From the opening “How Naked Are We Going to Get?”, the album flits and flickers across filler bits, until a well-executed but unimpressive “A Night Full of Open Eyes” that reads as the diary of a lonely man who has to pay for pleasure, something that falls short of Maricich’s often ingenious observation of human desire. Other scraps surface and dip below again, including the strange description of a town’s telephone wires in the first part of “Sweetheart”. It’s downright disappointing, actually, that so much of the movement on the album is filler, since Maririch’s cleverness runs deeper than what’s present here. Essentially we wander until the anthemic “What Tom Said about the Girls”, which when performed live comes complete with cutout drawings of bikini models dancing in a line. Maricich digs up a boom-shaka-laka beat that begs gyration, and overlays not-so-subtle metaphors about cars and sex (“I’ve got a rod that’s hot, I drive it”) told from a guy’s perspective. It’s a justification, really, in Maricich’s best tongue-in-cheek; this guy needs to “keep the girls burning, cause their hot circles give [him] some hope”. Sad, pathetic. Sick. Personal.

“Come on Pauline” is the most chilling and fully spectacular piece on the album. With the jumping cello bow outlining sticks clacking the beat, Maricich conjures up electric imagery.

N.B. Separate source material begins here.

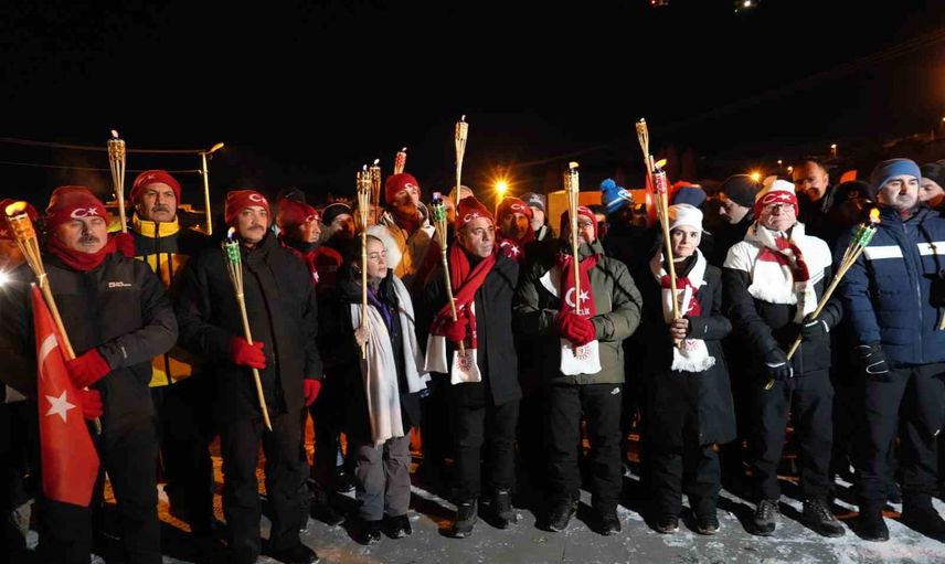 111 YIL ÖNCE SARIKAMIŞ HAREKATI’NDA ŞEHİT OLAN ASKER İÇİN BİNLERCE KİŞİ SOĞUK HAVADA MEŞALE YAKARAK ŞEHİTLİK ANITINA YÜRÜDÜ
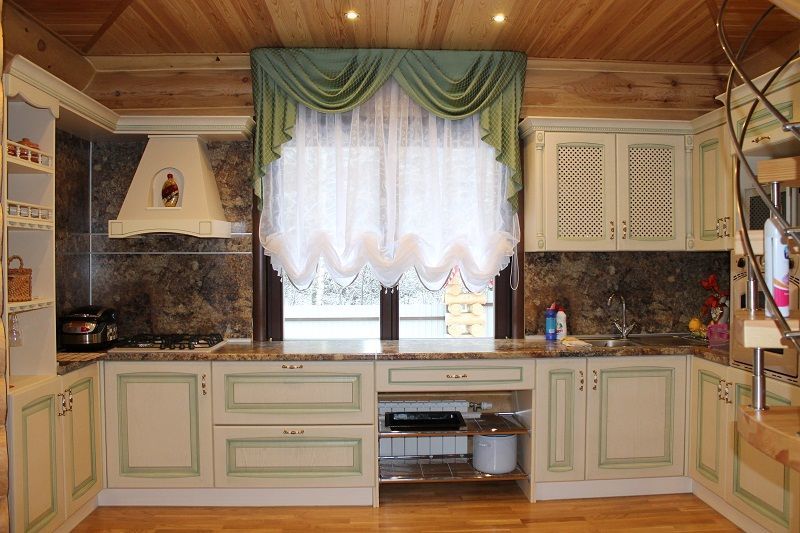 Lambrequins are no longer in fashion. And why are they in the kitchen, where we fry, steam. Constantly greasy fumes come from cooking.

She mourns her first kindred spirit lost in Pauline, who “cruises the streets” “undressing city blocks with [her] eyes”, and raises our hackles with orgasmic accents in the chorus, repeating painfully her naïve insistence that someone so close could never betray her. Again, again she cries “I know that you see this, Pauline…I know the things that I know, I know they’re true”. Torturous. The track develops into a long “I” that she holds while continuing to wistfully confess her desire for the kindred soul from the idylls of summer. The song runs the range of emotions, and captures each perfectly and poignantly.

“Gravity” can be seen as the center [sic] of one of the album’s recurring themes, in the song’s allusion to Amy’s need to be fondled. To “hold [her] body to the ground when all the air gets in [her] head” and that “reach up with a hot hand / From the center of the planet, holding [her]”, preventing the night from coming inside her body. Also we have the perverse pun of magnetic attraction to the “black hole” seen in “Night Full of Open Eyes” and “What Tom Said About Girls” and the jerky “Where I Love You” (where?: “in the hole down below”).

Maricich’s sometimes groan-inducing wordplay is never just plain silly or clever; in “Night Full of Open Eyes”, we get “Nothing is the only reason not to go fucking around” which then resorts to the old Odyssean pun in the chorus, “I want to hold Nothing by the hand / Stare into the eyes of One who understands”, and in “Sweetheart” she remembers all the pet names a young man called her, and then matter-of-factly ends “And then he never called me again.” It is dismissive, cutesy, yet we never get the sense that Maricich is slighting the desire and emotion she indulges in, instead only crafting these moments to portray the quirky and sometimes cheesy way her characters deal with them. How we deal with them.

This album is highly conscious and self-conscious, lending keen observation to the world of love and desire in a naively forthright way, one that’s sure to titillate and make you fidget. But could her point come across so clearly in any other way?